Pero si aspiro a la honradez a carta cabal en este cuento, no puedo mentir, como he hecho más arriba, y apuntar que la respiración de mi padre, esa suerte de silbido cosido a balazos, me ha pillado de improviso. Los seres humanos declinamos como el sol o las civilizaciones, lentamente. Para entendernos, el jueves negro tuvo que venir precedido por un miércoles gris o un martes plomizo, y, hasta que se abrió el séptimo sello, los animales no hacían más que repetir la letanía esa del “Ven y verás”, quizá para que San Juan no pudiera impugnar el fallo del Apocalipsis.

Yo no he estado en Patmos, lo que no quita para que haya recibido algunas revelaciones, más modestas que las del evangelista pero también más inteligibles. A saber, el modo en que respiramos o la manera en que nos levantamos del sofá. El día en que a mi

madre le costó ponerse en pie y tuvo que reptar hasta el borde para hacerlo, supe que había dejado de ser joven. ¿Y yo? ¿Qué hay del entomólogo, eh? Porque releyendo lo que he escrito hasta ahora me da la impresión de que veo las edades como compartimentos estanco y de que no voy a quebrar mi voto de silencio hasta cumplidos los setenta. Respira, aspira, respira, aspira, y hazlo con cautela para que la muerte no sepa nunca dónde estás. ¿Acaso no estoy envejeciendo mientras escribo? ¿Cuántos millones de células se me mueren cada día? ¿Quién dijo aquello de “nacemos para morir”? Se quedaría calvo, el tío. Tuvo que ser Little Foot. O Lucy. O los dos a la vez.

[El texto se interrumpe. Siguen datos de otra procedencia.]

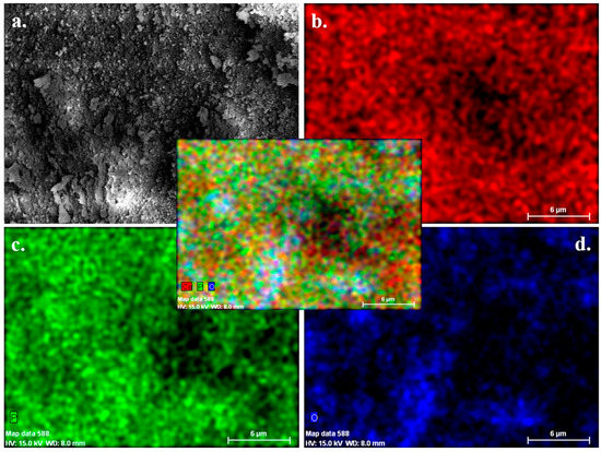 (a) The EDX elemental mapping of human teeth-derived bioceramics; (b) calcium; (c) phosphorous; and (d) oxygen (a merged image is shown at the center).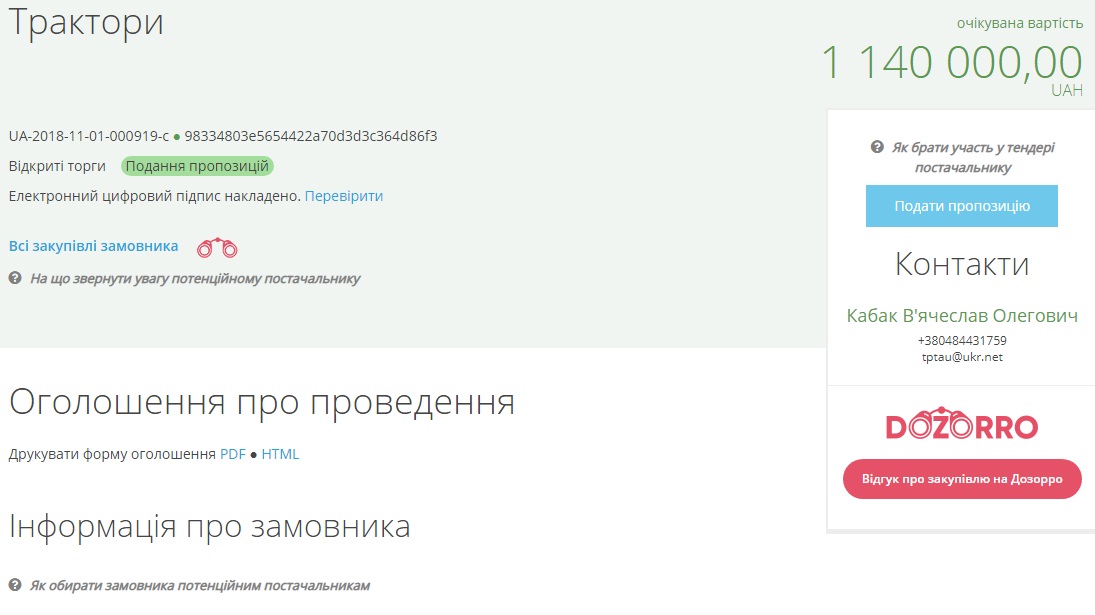 Государственное учебное заведение «Татарбунарское профессионально-техническое аграрное училище» объявило тендер для покупки двух тракторов на общую сумму 1 миллион 140 тысяч гривень.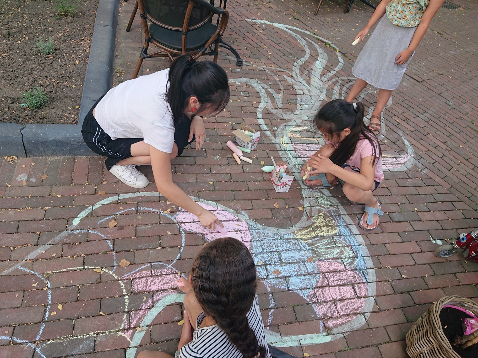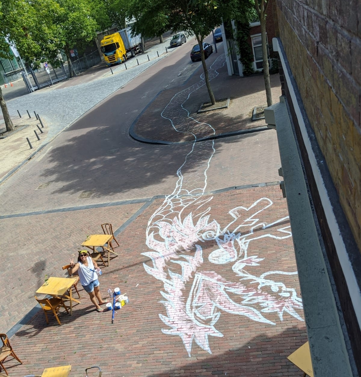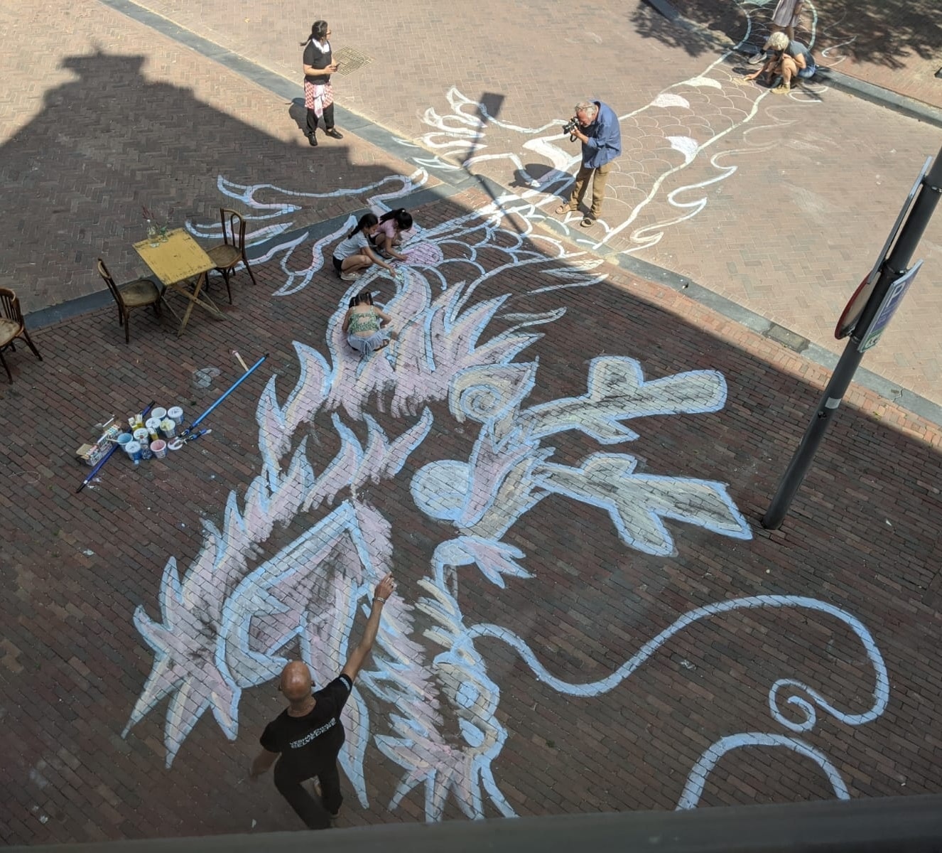 Because of the Asian Summer program at Verhalenhuis Belvédère, Man-Yee has drawn a 150 meter lucky dragon with colored chalk. All children were welcome to color and decorate this dragon during the weekend.

Una noche ingresaron a mi abuela en el hospital y, a la mañana siguiente, dejó de respirar, aunque en la habitación seguía habiendo aire. Mi abuela se quejaba siempre de sus problemas con las branquias, como si fuera un pez, y otras veces se tenía por un ratón: le costaba roer los alimentos. Yo estaba ahí cuando se apagó. La agonía tiene una manera inhóspita de respirar, como de tala amazónica. Es un exorcismo en el que conjuramos la fuerza maligna de la vida. Mis padres lloraron, desconsolados: era otra cuenta más en la cadena del adiós, una nota en el minué de la ceniza. Lo que más le pesaba a mi padre era que ya nunca podría corregir alguno de sus silencios con una palabra o un descuido con un abrazo. Sabiendo, como sabía, que Dios no había señalado a su madre con el don de la vida eterna, a veces había preferido el orgullo a la clemencia. Dejó que las palabras se oxidaran en su alma, y me legó sus aprensiones.

Por la noche, cuando mi padre tose en la cama, deseo envenenarme con las convulsiones que lo desgarran. Yo podría vencerlas. Todavía soy fuerte. No soporto el abuso sobre los débiles, las lágrimas de los bebés ni el sopor con que la naturaleza gusta de aplastar a los más viejos.

Más allá de la chimenea del tren, está el humo que se desbarata en el aire. En la meta del parchís, susurran los cipreses. Me di cuenta de ello la semana pasada, en un cementerio. Los muertos no juegan a contener la respiración.

Los muertos no respiran. Y envejecer, Françoise, es tremendo. Qué razón tienes.

En el parque de abajo, los corredores jadean. En la cama, jadean los amantes. Jadea el hombre que descarga el camión de mudanzas y, a su manera, también mi padre jadea. Este cuento va de eso. De jadeos. De nuestra manera de respirar. O, más bien, de la manera de respirar de mi padre. De cómo nos perdemos. O, más bien, de cómo –y cuándo– nos encontraremos. (Ya me dirás, papá, si te ha gustado).